El Turismo Nacional tenía todo para redondear un gran domingo. La competencia más vibrante del deporte motor hizo base en el emblemático autódromo Oscar y Juan Gálvez de Buenos Aires y esperaba brindar un gran espectáculo. Pero no. Las lluvias no cesaron y no hubo más remedio que determinar la suspensión de las finales de la Clase 2 y Clase 3 previstas para esta jornada en el trazado porteño. Si bien se intentó postergar la largada, lo concreto es que la espera fue en vano porque el agua no cedió. Eso sí, hay que destacar que lo único que pudo realizarse con asfalto bien mojado y con retrasos en los inicios fueron las tres series en la divisional mayor, y dos vueltas en la categoría menor a la hora de la carrera final. ¿Cómo seguirá esta historia? “El miércoles tomaremos una decisión cuando hagamos la reunión de comisión directiva”, le informó a Ovación Grip el vicepresidente del TN, Joel Borgobello.
“En principio vamos a resolver todo el miércoles. En estos momentos no es ideal tomar una determinación apresurada. Lo que priorizamos fue preservar la seguridad de los pilotos, sobre todo al ver que el circuito no estaba en condiciones para correr con todas las garantías”, informó el dirigente Joel Borgobello en contacto con este medio.
El timbuense además confesó que “una vez que nos reunamos entre todos los integrantes de la comisión directiva, ahí seguramente tomaremos la mejor resolución. Hay alternativas, por supuesto. De hecho, ya estuvimos viendo algunas de las diversas variables a plasmar cuando sea momento de juntarnos”.
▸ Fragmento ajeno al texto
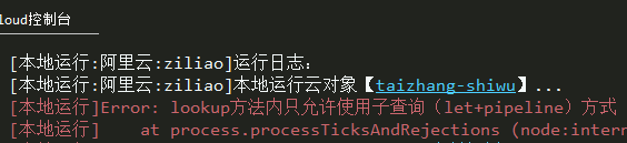 报错: 21:19:49.148 [本地运行:阿里云:ziliao]运行日志: 21:19:49.204 [本地运行:阿里云:ziliao]本地运行云对象【taizhang-shiwu】… 21:19:51.917 [本地运行]Error: lookup方法内只允许使用子查询(let+pipeline)方式

Y agregó: “hay que ver todas las posibilidades, analizarlas y definir lo mejor posible”. En tanto, una de las chances que podría quedar como factible es que la carrera se oficialice como terminada. De esa manera, todos irán a La Pampa a correr la fecha normal.
En cuanto a los puntos de las series en Clase 2 y Clase 3, que sí pudieron disputarse, habrá que computarlos y sumarlos a las posiciones porque eso no se modificará. “Lo que habrá también que resolver con las autoridades de la CDA es cómo continuaremos, es decir, si se finaliza esta carrera o se hace una carrera especial, siempre y cuando todo esté dentro del reglamento. Por eso el miércoles será clave”, concluyó Borgobello.
La realidad contempla que terminó siendo un domingo complejo. La jornada arrancó torcida. A la hora de darle vida a las tres tandas, todo fue problemático. El agua era el principal rival de los pilotos. Si bien se demoró en largar las series, lo cierto es que cuando pudo arrancar el show hubo retrasos y algunas complicaciones como consecuencia de la pista.
No obstante, se pudieron completar las tres sesiones programadas en la antesala de la final. Y fue así que el bonaerense de San Vicente, Gastón Iansa (Ford); el rionegrino José Manuel Urcera (Focus del Saturni Racing) y el cordobés Facundo Chapur (Ford) se impusieron en las mangas.
Luego llegó el turno de largar la final de la Clase 2. Los competidores le dieron gas a sus respectivas máquinas una vez se encendió la luz verde del semáforo. La lluvia no cedía. Los autos iban como podían en fila india y el vehículo de seguridad encabezaba el pelotón.
Pero al cabo de dos vueltas se frenó todo con bandera roja porque la lluvia no cesaba y “el spray era intenso, más allá de que los autos iban a baja velocidad”, argumentó el comisario deportivo José Luis Raimondo.
Fue entonces que todo pasó a cuarto intermedio. Hubo una reunión entre los dirigentes de la APAT, las autoridades de la CDA y los pilotos. La primera medida fue esperar un mínimo de dos horas. Pero debieron adelantar la postura en virtud de que “el agua no paraba y la lluvia era cada vez más fuerte”, según dijo Nicolás Iglesias, otro de los comisarios deportivos. Entonces se decidió la suspensión de las dos carreras.
Eso representa que las finales volvieron a suspenderse después de 6 años. La historia marca que en febrero de 2017, en el Mouras de La Plata, la lluvia había impedido el desarrollo de la jornada. La resolución pasó para la semana. Sí, una carrera de miércoles.